People who natively speak a language that has grammatical cases do generally use them commonly and consistently.
Like all language features, case systems do also evolve, and it's quite common for there to be variation in case use between different dialects of a language, or e.g. between literary and colloquial language, but (at least from a descriptive viewpoint) this is not so much incorrect as simply different usage. In any case (pun not intended), there does not appear to be any clear tendency for case loss in colloquial or "uneducated" language; sometimes colloquial speech does lose case distinctions that are preserved in literary usage, but sometimes it also innovates new case patterns, or new uses for existing cases.

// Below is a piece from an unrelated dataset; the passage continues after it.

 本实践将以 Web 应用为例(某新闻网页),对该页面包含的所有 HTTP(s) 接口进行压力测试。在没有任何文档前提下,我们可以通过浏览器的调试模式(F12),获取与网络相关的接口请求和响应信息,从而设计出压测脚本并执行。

For example, as noted by Anixx, colloquial Russian sometimes applies case markers to words that are indeclinable according to traditional literary grammar. Similarly, from personal experience, I can attest that the case system in casual spoken Finnish is not significantly simpler or less expressive than in formal literary usage, despite the significant morphological and even grammatical differences between the two.1
The Vulgar Latin that you mentioned, and the Romance languages that evolved from it, are something of an interesting special case. While it's true that there's a strong tendency among these languages to simplify the noun gender and case system they inherited from Latin (while, at the same time, innovating several new grammatical features not found in classical Latin, such as definite articles), this process is best understood in the context of the significant linguistic mixing of spoken Latin with the indigenous (e.g. Celtic) languages of the local population during the expansion of the Roman empire, and later with the Germanic languages spoken by invaders during its decline. It's not so much that uneducated Latin-speakers just spontaneously started simplifying the language, but that the simplified Vulgar language evolved from the speech of people speaking Latin as a second language (and, often, learning it from people already speaking a vernacular version of it, with strong external influences), in a process not entirely unlike creolization.

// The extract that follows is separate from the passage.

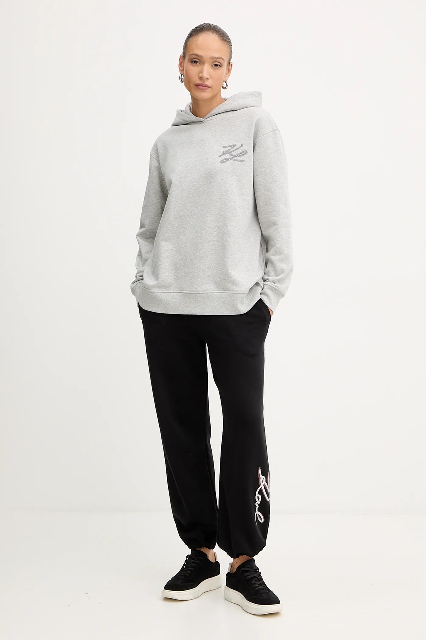 Karl Lagerfeld spodnie dresowe bawełniane damskie kolor szary z aplikacją A4W10141

In fact, as DavidC notes, inconsistent and/or radically simplified case usage tends to be characteristic not so much of uneducated speakers, but of non-native speakers whose first language has a weak (or significantly different) case system compared to the language they are trying to speak. This is because such speakers are unaccustomed to paying attention to case as a grammatical feature (or to the specific case structure of the language in question), and thus have trouble fitting it into their mental framework.
For instance, English uses prepositions and word order to mark many of the grammatical distinctions that several other languages mark using noun cases. As an instructive experiment, one might try to invert the situation, and consider the difficulties encountered by a native speaker of some language with a loose word order and few prepositions, when they attempt to learn English. For example, where a fluent English-speaker would say "Did you go to the theater?", such a person might come up with, for example, "Went you theater?" This is not a mistake any native speaker (past the age where they're capable of formulating coherent sentences at all, anyway) would make, but for a person just learning English as a second language, it could be quite plausible.
Similarly, where a fluent English-speaker would speak of going in a hurry by car to the show at the theater in the town by the lake, a non-native speaker unused to English prepositions might say they were going e.g. at a hurry in a car at the show in the theater at the town off the lake. Again, most native speakers would immediately see that something was wrong with that sentence, even though it's mostly understandable, but a non-native speaker unfamiliar with English grammar could easily have trouble picking the correct prepositions for phrases like that, just as an English-speaker unfamiliar with noun cases might have trouble picking the correct cases when speaking e.g. German or Russian or Finnish.
1) In fact, while colloquial Finnish has all but lost several grammatical features of the literary language, such as the possessive suffixes, the noun cases — of which Finnish has 15 or so — remain relatively unchanged (except for some morphological variation). The rare instrumental cases (abessive, comitative and instructive) do tend to get replaced by adpositions or other alternative constructions in casual speech, except in certain fixed expressions, but they're not very common in literary usage, either. On the other hand, modern spoken Finnish may be in the process of innovating a new comitative case ending: in casual speech (as well as in some traditional dialects), the postposition kanssa ("with") commonly contracts to kaa, and, especially when unstressed, often merges into the preceding noun as a clitic -kaa (e.g. colloq. tuu munkaa = "come with me"). When used so, it could be loosely analyzed as a novel case marker, even though it lacks several grammatical features of the "true" Finnish noun cases, such as case agreement between nouns and adjectives. Notably, the closely related Estonian language appears to have gone through essentially the same process several hundred years ago to acquire its current comitative case marker -ga.